Some innovative, high-need therapies could reach the market using just Phase I clinical trials data, Janet Woodcock, director of the Center for Drug Evaluation and Research (CDER) at the US Food and Drug Administration (FDA), explained, raising the prospect of unprecedented speed to market for some drugs.
Woodcock's remarks, made at a Bloomberg-sponsored healthcare conference on 11 February 2013 and first reported by Bloomberg, pertain to the new breakthrough product designation, which was created by the FDA Safety and Innovation Act of 2012.
The pathway is intended for any product that is "intended, alone or in combination with one or more other drugs, to treat a serious or life-threatening disease or condition and for which preliminary clinical evidence indicates that the drug may demonstrate substantial improvement over existing therapies on one or more clinically significant endpoints."
That had at least some in the industry confused as to its utility, especially in regards to existing incentives such as fast-track status, priority review and accelerated approval.
Like those three expedition mechanisms, the breakthrough products designation provides a powerful incentive for companies to develop product: faster review scheduling.
The benefit, as explained by its advocates, is that novel combination therapies involving already-approved products will now be better able to obtain those faster review times, further assisting patients.
But until guidance is developed by FDA-it's in the midst of doing just that, it says-it's difficult to determine what practical benefits this designation will afford sponsors, products or patients.
In December 2012, Woodcock lauded the submission of the first breakthrough product requests.
"We're delighted now to have another tool to help expedite the development and approval of products with the 'breakthrough' designation," Woodcock wrote. "We'll continue to use our existing tools and the new 'breakthrough' authority to make our expedited drug development process even more effective, with the ultimate goal of benefiting patients with unmet medical needs."
The first sponsor would later be revealed to be Vertex Pharmaceuticals, whose cystic fibrosis drug Kalydeco (ivacaftor) was granted two designations: one for its use as a stand-alone treatment for additional forms of cystic fibrosis, and in combination with another drug (VX-809) to treat even more forms.

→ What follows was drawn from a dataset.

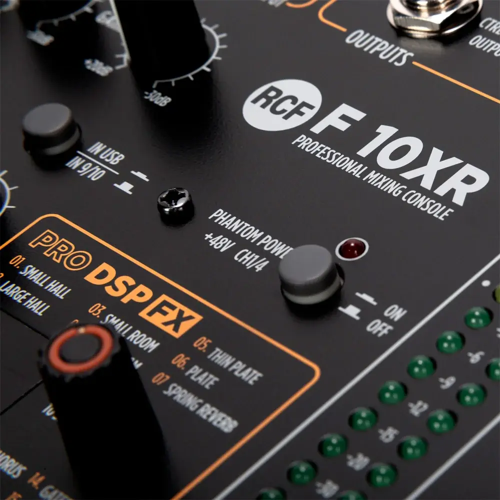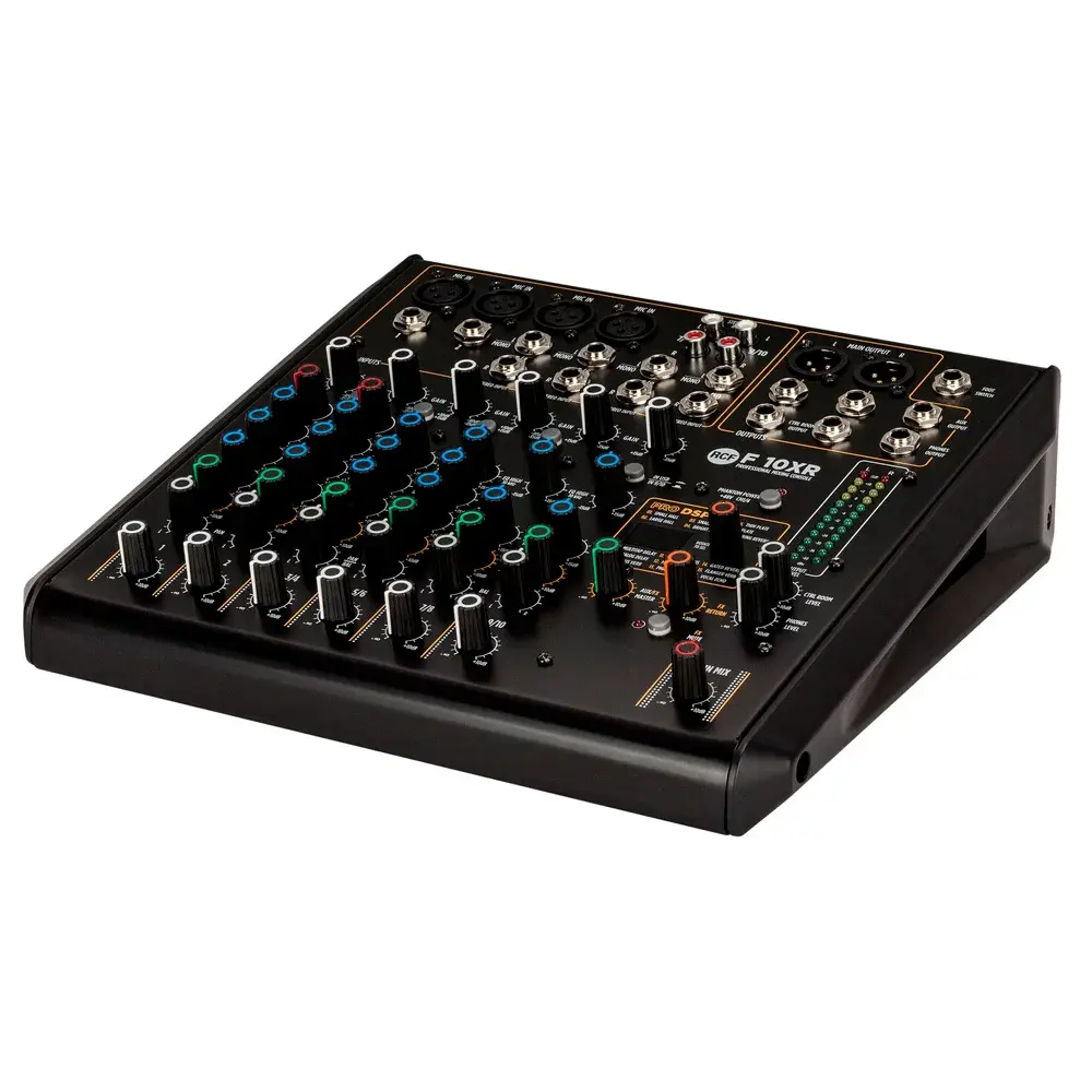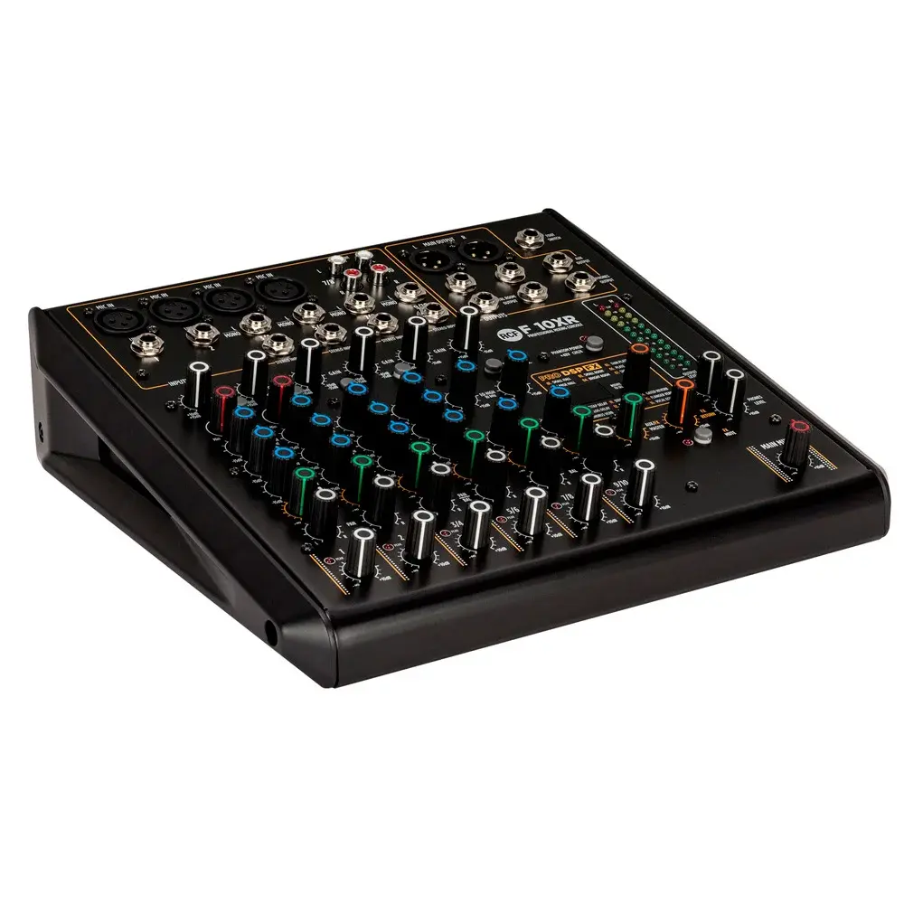 Данная модель является мощным инструментом как для любителей, так и для музыкантов профессионального уровня. Микшер оборудован 10-ю полностью сбалансированными каналами. Плата PRO DSP FX оснащена профессиональными пресетами для работы с такими эффектами как реверберация, задержки (Mono, Stereo и Multitap), хорус, фленджеры и эхо.

But Vertex, too, wasn't all that sure about the designation's benefit to its products. "The implications of Breakthrough Therapy Designation cannot be determined at this time," the company said in its statement. "Vertex is working with FDA and other global regulatory agencies to determine any potential implications of the Breakthrough Therapy Designations to its ongoing and planned development activities, and subsequent regulatory submissions, for ivacaftor monotherapy and the combination regimen of VX-809 with ivacaftor."
A Single Trial?
But now Woodcock has shed light on the agency's thinking, and potentially the upcoming draft guidance document, in regards to the breakthrough products designation.
If companies are able to conduct a single, robust Phase I clinical trial, Woodock said, a drug could very well see approval based on that data.
"We expect many of these would come available very quickly with Phase 1 data," Bloomberg reported Woodcock as saying.
At present, most trials require at least three phases of clinical trials data, and sometimes multiples of each. FDA is also increasing requirements as a condition of approval postmarketing (Phase IV) trials to follow up on issues identified or suspected in pre-market settings.
At least 12 drug products have already applied for breakthrough product designation status, Woodcock said, raising the prospect that companies will soon have a better sense of whether FDA would feel comfortable approving such a drug without the usual standards of evidence.
The plan raises a number of questions. Most obviously, can a product generate enough evidence to support an informed regulatory approval using just Phase I data, no matter how robust? FDA's recent enriched clinical trials guidance makes the case that such evidence generation is possible so long as the trial is highly targeted. Kalydeco, for example, was originally approved based on its effectiveness in those specifically with the G551D gene mutation. Narrow approvals based on trials with highly targeted patients could, in theory, mitigate many of the concerns associated with such an approval.
But other issues might also come up. For example, FDA review officials, including Bob Temple, have in the past noted that manufacturing issues could slow down such a rapid approval. The manufacturing facilities and scaled-up processes associated with a drug need to be inspected before approval, which is itself a time-intensive process.
Weighing the use of resources could come to be problematic as well. Though FDASIA included a substantial amount of new funding for FDA, none of that was specifically bookmarked for the review of breakthrough products, explained Bloomberg. If too many resources are diverted, it would come to "disadvantage" other drugs, Woodcock noted.
But difficulties aside, Woodcock observed that the benefits of such a paradigm have been eagerly noticed by industry. "It's probably going to take a while for this program to become established in the United States, but there's robust interest," she said.